To compare two ROC curves, the difference in the areas under the curves (AUC) can be calculated. This can be done by subtracting the AUC of one curve from the AUC of the other curve. If the difference is greater than a certain threshold, it can be assumed that one curve is better than the other. Additionally, the curves can be compared visually, by plotting them on the same graph and comparing the shape and location of the curves.


One way to visualize the performance of in machine learning is by creating a ROC curve, which stands for “receiver operating characteristic” curve.

This type of curve displays the sensitivity and specificity of a classification model:

  • Sensitivity: The probability that the model predicts a positive outcome for an observation when the outcome is indeed positive.
  • Specificity: The probability that the model predicts a negative outcome for an observation when the outcome is indeed negative.

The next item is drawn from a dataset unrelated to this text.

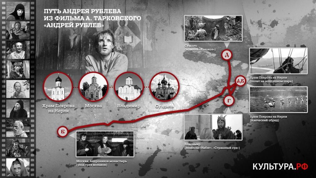 Портал «Культура.РФ» предлагает отправиться в путешествие с киногероями и повторить их маршрут в реальной жизни. Мы составили карту передвижений персонажей «Покровских ворот» Михаила Козакова, «Золотого теленка» Михаила Швейцера, «Андрея Рублева» Андрея Тарковского. Как менялся маршрут аспиранта Костика зимой и летом? Где располагалась коммунальная квартира, в которой жили герои «Покровских ворот»? С какого вокзала Великий комбинатор Остап Бендер отправился в путешествие по Туркестано-Сибирской магистрали? В каких городах находились храмы, которые расписывал Андрей Рублев? Ответы на эти вопросы вы узнаете из нашей инфографики.

The x-axis of a ROC curve represents (1- Specificity) and the y-axis represents the Sensitivity:

The more that the ROC curve hugs the top left corner of the plot, the better the model does at classifying the data into categories.

To quantify this, we can calculate the AUC (area under the curve) which tells us how much of the plot is located under the curve.

The closer AUC is to 1, the better the model.

When comparing two ROC curves to determine which classification model is best, we often look at which ROC curve “hugs” the top left  corner of the plot more and thus has a higher AUC value.

Example: How to Compare Two ROC Curves

Suppose we fit a logistic regression model and a gradient boosted model to a dataset to predict the outcome of some response variable.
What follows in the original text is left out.